Dataset records:

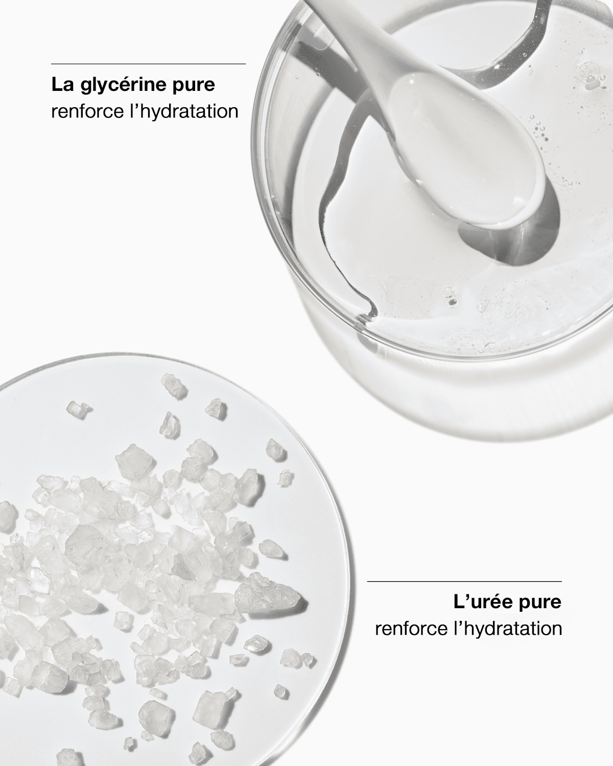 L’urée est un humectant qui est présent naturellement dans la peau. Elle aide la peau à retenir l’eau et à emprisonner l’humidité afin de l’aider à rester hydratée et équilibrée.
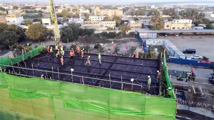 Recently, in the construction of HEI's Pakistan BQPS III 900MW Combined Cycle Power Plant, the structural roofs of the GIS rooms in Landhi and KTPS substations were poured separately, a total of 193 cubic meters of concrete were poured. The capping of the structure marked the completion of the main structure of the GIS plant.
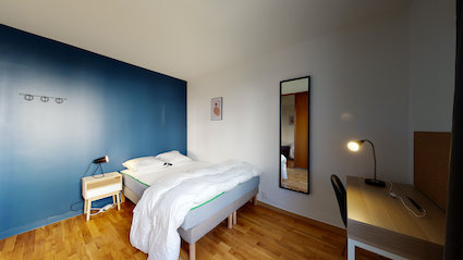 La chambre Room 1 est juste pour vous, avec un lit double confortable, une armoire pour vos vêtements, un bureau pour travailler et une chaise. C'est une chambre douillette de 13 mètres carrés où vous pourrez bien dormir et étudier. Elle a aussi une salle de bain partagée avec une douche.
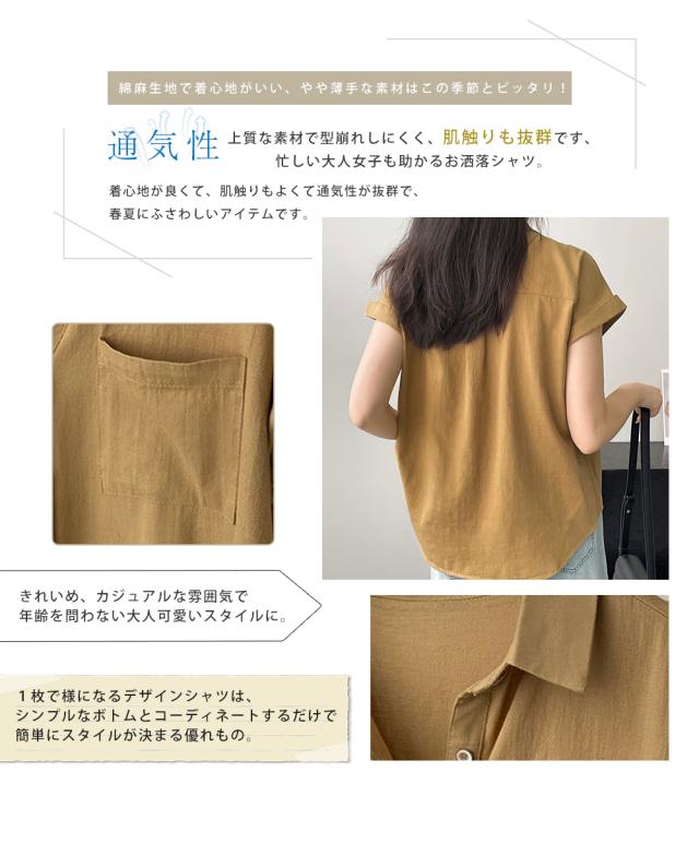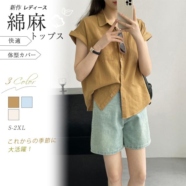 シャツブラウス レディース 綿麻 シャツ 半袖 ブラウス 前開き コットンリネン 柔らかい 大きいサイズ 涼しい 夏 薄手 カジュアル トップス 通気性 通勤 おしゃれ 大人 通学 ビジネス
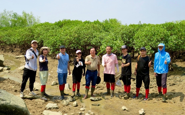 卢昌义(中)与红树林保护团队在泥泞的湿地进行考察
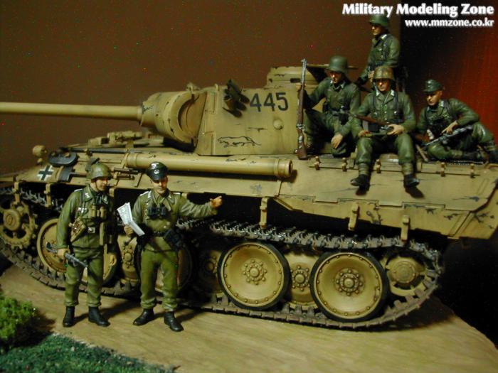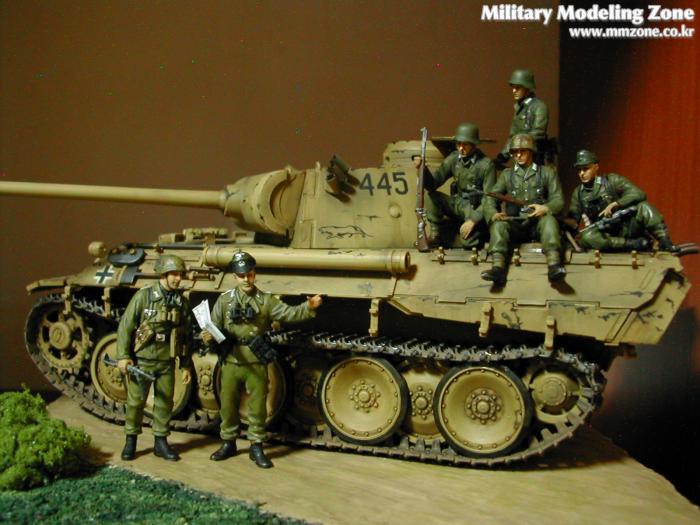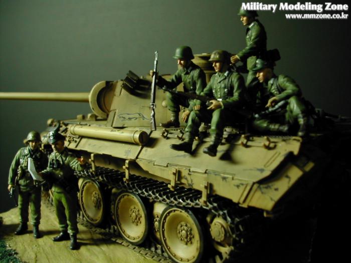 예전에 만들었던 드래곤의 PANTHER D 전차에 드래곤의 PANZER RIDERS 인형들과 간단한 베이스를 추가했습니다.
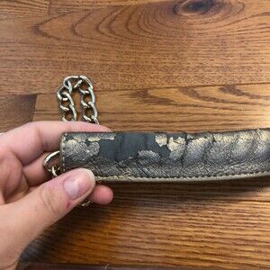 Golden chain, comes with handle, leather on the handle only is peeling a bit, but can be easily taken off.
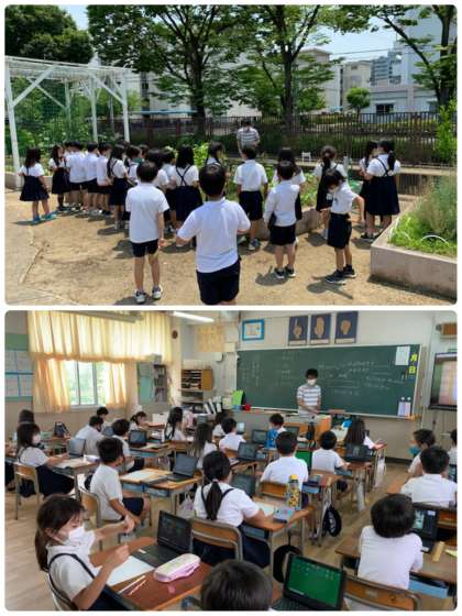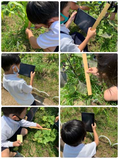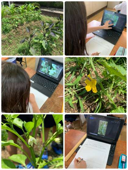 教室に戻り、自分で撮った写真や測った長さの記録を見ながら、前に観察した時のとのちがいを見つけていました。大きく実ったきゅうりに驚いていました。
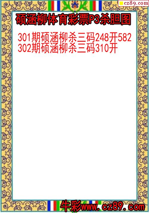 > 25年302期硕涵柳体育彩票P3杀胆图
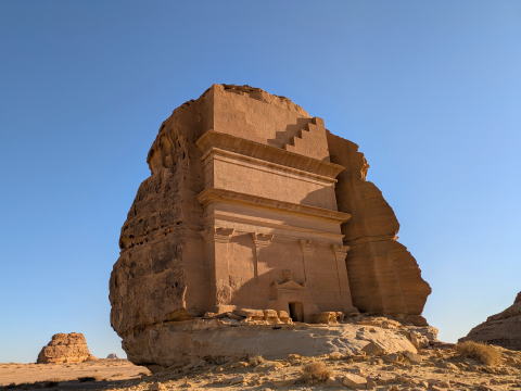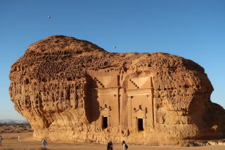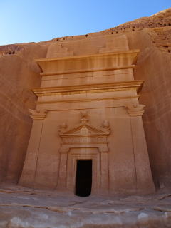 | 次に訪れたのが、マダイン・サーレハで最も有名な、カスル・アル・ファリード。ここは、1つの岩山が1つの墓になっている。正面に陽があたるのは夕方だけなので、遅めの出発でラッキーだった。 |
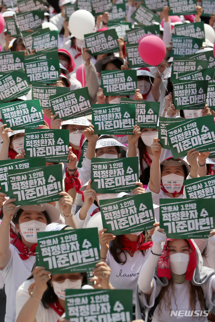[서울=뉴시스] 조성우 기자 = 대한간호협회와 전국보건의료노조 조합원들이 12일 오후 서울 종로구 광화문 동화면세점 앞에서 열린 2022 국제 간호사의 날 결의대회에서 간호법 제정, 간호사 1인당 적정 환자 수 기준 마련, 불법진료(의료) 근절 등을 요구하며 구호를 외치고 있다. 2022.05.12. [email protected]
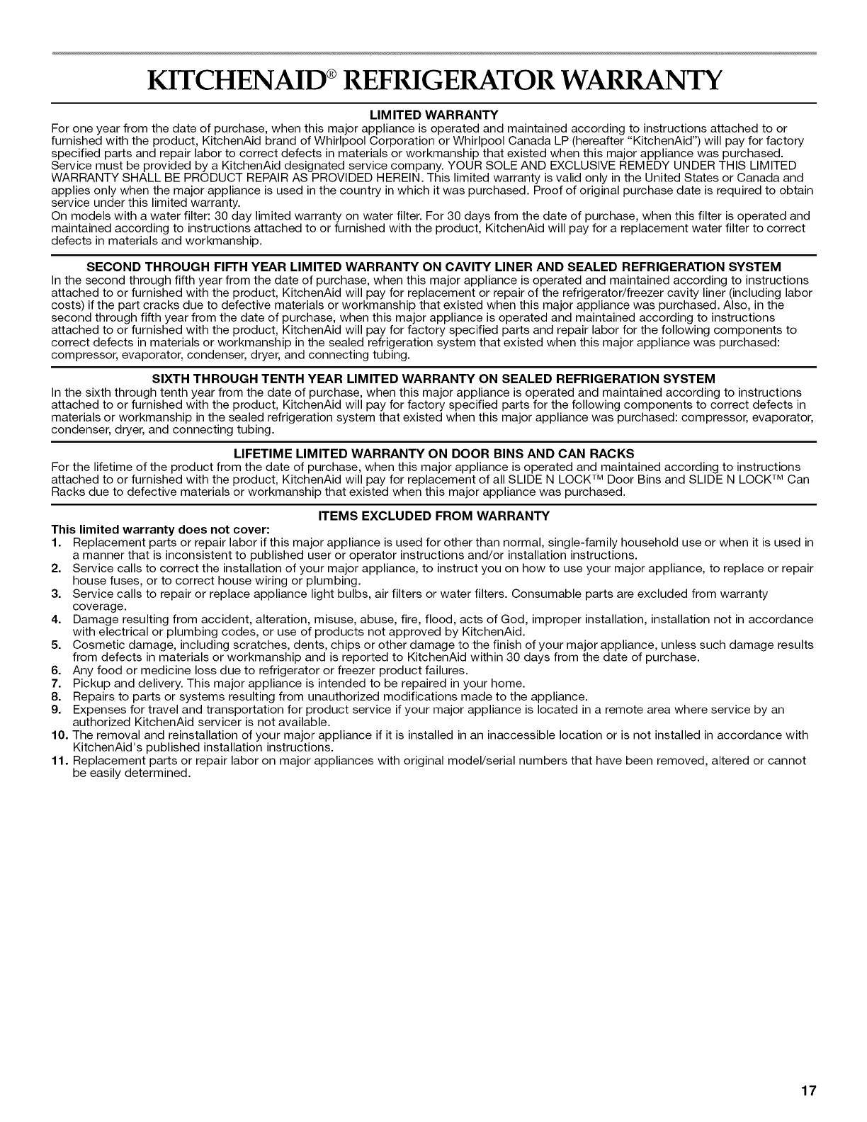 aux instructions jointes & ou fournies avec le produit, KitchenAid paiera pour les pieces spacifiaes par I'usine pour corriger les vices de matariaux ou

Activity:
Please return the lines above exactly, with the pictures omitted.

Exercise response:
 L’urée est un humectant qui est présent naturellement dans la peau. Elle aide la peau à retenir l’eau et à emprisonner l’humidité afin de l’aider à rester hydratée et équilibrée.
 Recently, in the construction of HEI's Pakistan BQPS III 900MW Combined Cycle Power Plant, the structural roofs of the GIS rooms in Landhi and KTPS substations were poured separately, a total of 193 cubic meters of concrete were poured. The capping of the structure marked the completion of the main structure of the GIS plant.
 La chambre Room 1 est juste pour vous, avec un lit double confortable, une armoire pour vos vêtements, un bureau pour travailler et une chaise. C'est une chambre douillette de 13 mètres carrés où vous pourrez bien dormir et étudier. Elle a aussi une salle de bain partagée avec une douche.
 シャツブラウス レディース 綿麻 シャツ 半袖 ブラウス 前開き コットンリネン 柔らかい 大きいサイズ 涼しい 夏 薄手 カジュアル トップス 通気性 通勤 おしゃれ 大人 通学 ビジネス
 卢昌义(中)与红树林保护团队在泥泞的湿地进行考察
 예전에 만들었던 드래곤의 PANTHER D 전차에 드래곤의 PANZER RIDERS 인형들과 간단한 베이스를 추가했습니다.
 Golden chain, comes with handle, leather on the handle only is peeling a bit, but can be easily taken off.
 教室に戻り、自分で撮った写真や測った長さの記録を見ながら、前に観察した時のとのちがいを見つけていました。大きく実ったきゅうりに驚いていました。
 > 25年302期硕涵柳体育彩票P3杀胆图
 | 次に訪れたのが、マダイン・サーレハで最も有名な、カスル・アル・ファリード。ここは、1つの岩山が1つの墓になっている。正面に陽があたるのは夕方だけなので、遅めの出発でラッキーだった。 |
[서울=뉴시스] 조성우 기자 = 대한간호협회와 전국보건의료노조 조합원들이 12일 오후 서울 종로구 광화문 동화면세점 앞에서 열린 2022 국제 간호사의 날 결의대회에서 간호법 제정, 간호사 1인당 적정 환자 수 기준 마련, 불법진료(의료) 근절 등을 요구하며 구호를 외치고 있다. 2022.05.12. [email protected]
 aux instructions jointes & ou fournies avec le produit, KitchenAid paiera pour les pieces spacifiaes par I'usine pour corriger les vices de matariaux ou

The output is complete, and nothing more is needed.